MADRID — The Spanish league wants all players and coaches tested daily for the coronavirus when trainings resume.
The information is on a league protocol to which The Associated Press gained access after it was sent to Spanish clubs and other European leagues last week. The 23-page protocol was prepared in a partnership with the medical staff of some first division clubs and details a four-stage training plan before competitions can resume.
It includes guidelines to guarantee “the safety of players and their immediate families, the coaching staff” and everyone else involved in the trainings.
There is still no timetable for the resumption of practices, and the league is not expected to restart before the end of May. A vaccine hasn’t been discovered either. The league said it will be up to Spanish health authorities to determine when clubs will be allowed to return to action.
Real Sociedad tried to start individual trainings recently but was not allowed by the government because sports facilities are to remain closed as part of lockdown measures. In Spain, more than 22,000 people have died of COVID-19, according to John Hopkins University.
The government met with the league and the Spanish Football Federation last weekend and said they reached an agreement for the return to training without elaborating.
The league’s training protocol was obtained by the AP a day after Spain’s players’ association sent a letter to government officials expressing concern about resuming competitions. It said players want to make sure it will be OK for them to be tested while there is “a demand” for such tests “in society.” They also called for clear guidelines from health authorities to guarantee everyone’s safety.
The El Mundo newspaper said on Thursday the government will authorize thousands of tests to be performed on soccer players and other squad members.
The league wants the tests to be daily, and conducted starting when the individual training stage begins in order to “detect the so-called false negatives” who can still pass the virus to others.
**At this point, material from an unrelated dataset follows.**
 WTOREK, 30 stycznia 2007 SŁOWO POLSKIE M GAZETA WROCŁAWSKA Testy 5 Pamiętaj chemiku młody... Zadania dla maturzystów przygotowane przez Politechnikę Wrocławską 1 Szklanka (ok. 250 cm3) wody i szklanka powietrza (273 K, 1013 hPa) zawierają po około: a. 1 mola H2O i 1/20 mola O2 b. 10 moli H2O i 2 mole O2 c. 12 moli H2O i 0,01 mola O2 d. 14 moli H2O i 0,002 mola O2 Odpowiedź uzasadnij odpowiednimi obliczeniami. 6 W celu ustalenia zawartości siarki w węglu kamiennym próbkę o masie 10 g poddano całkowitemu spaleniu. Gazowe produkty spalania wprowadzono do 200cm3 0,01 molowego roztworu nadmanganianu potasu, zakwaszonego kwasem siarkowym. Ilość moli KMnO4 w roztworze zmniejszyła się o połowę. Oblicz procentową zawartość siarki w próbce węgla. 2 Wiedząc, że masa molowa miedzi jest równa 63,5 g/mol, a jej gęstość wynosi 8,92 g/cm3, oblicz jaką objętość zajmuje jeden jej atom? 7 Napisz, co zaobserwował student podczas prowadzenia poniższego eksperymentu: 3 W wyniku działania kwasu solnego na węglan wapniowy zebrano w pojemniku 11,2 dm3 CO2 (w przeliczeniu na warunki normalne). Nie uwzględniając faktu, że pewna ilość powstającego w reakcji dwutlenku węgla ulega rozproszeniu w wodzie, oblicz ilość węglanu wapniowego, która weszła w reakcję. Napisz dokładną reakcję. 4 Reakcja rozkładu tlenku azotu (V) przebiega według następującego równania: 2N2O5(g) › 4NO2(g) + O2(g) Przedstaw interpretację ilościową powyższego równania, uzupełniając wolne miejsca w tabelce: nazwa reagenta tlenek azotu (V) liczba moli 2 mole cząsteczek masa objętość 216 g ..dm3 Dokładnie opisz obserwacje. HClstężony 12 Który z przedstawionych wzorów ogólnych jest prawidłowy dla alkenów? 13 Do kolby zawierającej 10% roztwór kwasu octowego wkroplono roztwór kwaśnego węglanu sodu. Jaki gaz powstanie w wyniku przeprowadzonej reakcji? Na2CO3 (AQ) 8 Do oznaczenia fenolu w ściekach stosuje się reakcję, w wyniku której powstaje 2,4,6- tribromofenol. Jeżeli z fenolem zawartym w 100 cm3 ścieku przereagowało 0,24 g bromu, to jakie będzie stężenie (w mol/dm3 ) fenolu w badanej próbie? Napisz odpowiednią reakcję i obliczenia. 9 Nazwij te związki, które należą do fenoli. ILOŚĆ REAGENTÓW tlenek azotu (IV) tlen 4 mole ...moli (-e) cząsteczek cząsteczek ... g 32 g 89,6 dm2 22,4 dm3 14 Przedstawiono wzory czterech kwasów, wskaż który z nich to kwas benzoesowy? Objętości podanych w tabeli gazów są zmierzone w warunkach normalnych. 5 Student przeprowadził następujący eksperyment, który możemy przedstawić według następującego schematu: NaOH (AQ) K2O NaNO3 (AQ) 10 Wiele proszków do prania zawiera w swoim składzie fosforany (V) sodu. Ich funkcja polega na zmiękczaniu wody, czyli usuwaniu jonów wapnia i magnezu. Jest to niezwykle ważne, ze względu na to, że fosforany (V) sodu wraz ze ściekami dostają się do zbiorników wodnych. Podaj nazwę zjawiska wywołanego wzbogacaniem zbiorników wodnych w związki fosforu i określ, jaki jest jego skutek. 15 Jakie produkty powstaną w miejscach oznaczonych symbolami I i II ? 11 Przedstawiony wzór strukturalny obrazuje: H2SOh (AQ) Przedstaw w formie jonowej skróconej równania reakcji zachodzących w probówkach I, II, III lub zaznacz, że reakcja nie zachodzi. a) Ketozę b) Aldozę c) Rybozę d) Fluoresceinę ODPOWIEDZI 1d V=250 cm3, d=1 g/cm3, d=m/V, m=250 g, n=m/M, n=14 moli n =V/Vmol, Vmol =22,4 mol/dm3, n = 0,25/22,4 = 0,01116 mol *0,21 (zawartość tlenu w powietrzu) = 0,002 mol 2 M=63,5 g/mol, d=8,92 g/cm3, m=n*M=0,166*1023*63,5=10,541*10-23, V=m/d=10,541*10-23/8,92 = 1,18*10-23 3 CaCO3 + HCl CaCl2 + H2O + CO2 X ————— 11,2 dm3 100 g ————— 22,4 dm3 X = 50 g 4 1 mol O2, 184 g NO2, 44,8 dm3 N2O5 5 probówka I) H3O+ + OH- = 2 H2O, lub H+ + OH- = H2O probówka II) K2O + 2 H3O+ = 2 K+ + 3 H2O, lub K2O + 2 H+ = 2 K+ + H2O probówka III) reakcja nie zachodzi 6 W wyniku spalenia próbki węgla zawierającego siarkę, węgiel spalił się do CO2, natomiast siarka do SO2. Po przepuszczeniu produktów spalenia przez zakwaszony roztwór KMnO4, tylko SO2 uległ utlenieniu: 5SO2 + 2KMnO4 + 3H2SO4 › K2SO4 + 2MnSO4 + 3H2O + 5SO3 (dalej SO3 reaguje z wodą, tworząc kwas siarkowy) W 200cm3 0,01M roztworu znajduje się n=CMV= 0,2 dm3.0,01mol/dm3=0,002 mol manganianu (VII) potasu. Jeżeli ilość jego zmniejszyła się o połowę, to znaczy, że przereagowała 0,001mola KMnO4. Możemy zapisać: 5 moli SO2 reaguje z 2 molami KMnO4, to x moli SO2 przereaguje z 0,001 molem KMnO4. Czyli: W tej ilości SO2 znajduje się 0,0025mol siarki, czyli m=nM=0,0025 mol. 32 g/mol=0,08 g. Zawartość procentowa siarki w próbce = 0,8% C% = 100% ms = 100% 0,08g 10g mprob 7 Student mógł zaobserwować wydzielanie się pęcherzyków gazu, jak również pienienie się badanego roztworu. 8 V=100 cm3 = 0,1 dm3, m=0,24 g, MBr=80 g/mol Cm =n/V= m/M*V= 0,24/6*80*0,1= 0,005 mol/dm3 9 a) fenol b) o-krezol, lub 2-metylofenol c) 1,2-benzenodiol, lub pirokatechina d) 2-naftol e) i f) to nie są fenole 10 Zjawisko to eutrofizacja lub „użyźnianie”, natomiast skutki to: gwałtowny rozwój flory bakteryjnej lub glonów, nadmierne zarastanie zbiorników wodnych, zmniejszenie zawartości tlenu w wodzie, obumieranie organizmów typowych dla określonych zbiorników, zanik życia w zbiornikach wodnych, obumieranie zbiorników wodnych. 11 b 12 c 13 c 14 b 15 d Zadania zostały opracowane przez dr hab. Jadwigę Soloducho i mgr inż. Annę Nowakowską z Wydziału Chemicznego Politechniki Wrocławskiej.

It said the clubs’ medical staff also will have to be tested daily.
The league’s protocol also establishes a minimum of three “obligatory” tests for “all those who are to take part in the club’s training camp.”
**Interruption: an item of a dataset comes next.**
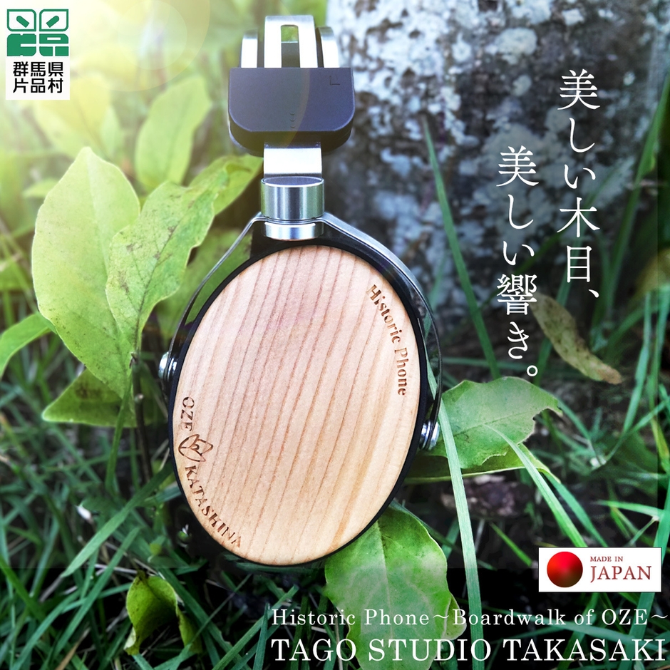 そんななか、作曲家・音楽プロデューサーとして数多くのアーティストに楽曲を提供している多胡 邦夫氏が代表取締役を務めるTAGO STUDIOより持続可能な社会への取り組みの一環として、木材の廃材を再利用するヘッドホン『Historic Phone』シリーズというものがあり、尾瀬の木道材でヘッドホンを試作したので当村の振興にお役立てできないかとご提案をいただき、試作品をベースに片品村限定仕様の「Historic Phone ~Boardwalk of OZE~」を作成するに至りました。

The first tests should be undertaken two days before the start of the individual sessions and will include a serology test to identify those who are immune. There should be two other monitoring tests before the start of the group training stage and before the competitions resume.
The league’s protocol recommends a period of “around 15 days of group and/or collective training” before competitions can resume. The four stages of the protocol contemplate a preparation phase that would be followed by solo practices, smaller group sessions, and finally full squad sessions.
The protocol includes detailed sections on how the clubs must operate the training facilities, including areas such as the kitchen, laundry room, dressing room, gym and physio room.
Several first division players and team members have been infected with the new coronavirus.
The country is in a lockdown at least until May 9.